We design gene-specific barcodes using a combinatorial approach based on the four nucleotides (A, T, C and G). For example, using a sequence of 4 nt in length can provide 44 (=256) unique barcode sequences meaning we can profile 256 genes, while a 5-nt barcode enable us to profile 1,024 genes (45). When the barcodes exceed 5 nt (to enable more than 1,024 genes to be profiled), we recommend designing the sequence so that it can be read in two parts, with each being sequenced separately by orthogonal reading probes (SeqA and SeqB) (see ‘Reagent setup’ section for the reading probes). The barcode length solely depends on the number of genes each researcher wants to profile for their project. It is worth pointing out that barcode sequences that produce the same fluorescent color during each imaging round (Fig. 4) or contain dinucleotide repeats should be avoided when possible (for instance, CCCCCCC, CACACAC, CGCGCGC, CTCTCTC, barcode sequence underlined).

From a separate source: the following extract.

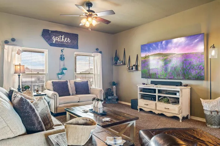 JUST WHAT YOU’VE BEEN LOOKING FOR – a terrific 4 bedroom home in the popular Richmond Elementary School District. Just minutes from shopping and schools, you’ll love this open floor plan with split bedroom arrangement and great versatility. Built in 2009 and with over 2000 sq. ft., this charming home is move-in ready. The spacious family area offers a large living room with a spot for formal dining or extra sitting, sunny breakfast seating, and a spacious kitchen boasting an eating bar and center island. Sleek, black stainless appliances freshen a kitchen that boasts lots of storage and counter space. The primary suite is tucked away in one corner of the home featuring wood flooring and a large bath area with double sink vanity, soaker tub, walk-in shower and roomy closet. Two more roomy bedrooms on the other side of the home offer privacy and convenient access to the hall bath. The “Bonus” area is just that – perfect for a second living space, in-home gym, office or 4th bedroom with closet. A quiet cul-de-sac location, extra garage storage, fenced backyard and in-ground storm shelter will make this your “home sweet home”!

After generating the full probe sequence library, we recommend filtering the probes that form strong secondary structures or interactions with other probes. Strong secondary structures as well as probe heterodimers may decrease the efficiency of the probes or generate spurious signals. We use NUPACK45 to predict secondary structures and filter out probes with strong secondary structures. We perform BLAST46 on each probe against the minus strand of the whole probe library to search for and filter out probe heterodimers. Typically, 10–20% of probes are filtered out by this pipeline. Therefore, we recommend designing more probes per gene (ideally more than six probe pairs) to ensure that each gene has enough probes after probe filtration. Typically three to six pairs of primer and padlock probes are suggested for one RNA transcript to balance budgetary concerns, yet there is no limit of the maximal number of probe pairs, and the detection sensitivity increases as the number of probes per gene increases.

Splint probe design

The RIBOmap splint probe comprises three distinct segments (Fig. 2b): (1) a 25-nt sequence at the 5′ terminus, which hybridizes with 18S ribosomal RNA (rRNA), (2) a central 50- or 10-nt section composed of deoxyadenosine nucleotides (dA) and (3) a 12-nucleotide splint-padlock annealing sequence at the 3′ end. We found that, in some cases, the splint probe with a 10-nt dA linker offers better specificity than the one with a 50-nt dA linker in some cases due to its shorter proximity-ligating radius (unpublished data, J.T.). We chose areas within the 18S rRNA that exhibit relatively weak secondary structures and high accessibility as the splint probe hybridization region23. However, if the users intend to exclude the reads from 43S translation initiation complexes, we also included the splint probes targeting 28S rRNA, which may better represent translating ribosomes. The 3′ end of the splint probe is modified with three consecutive phosphorothioates for enhanced stability and a 3′ terminal inverted dT (invdT) to obstruct it from serving as a primer in the downstream RCA.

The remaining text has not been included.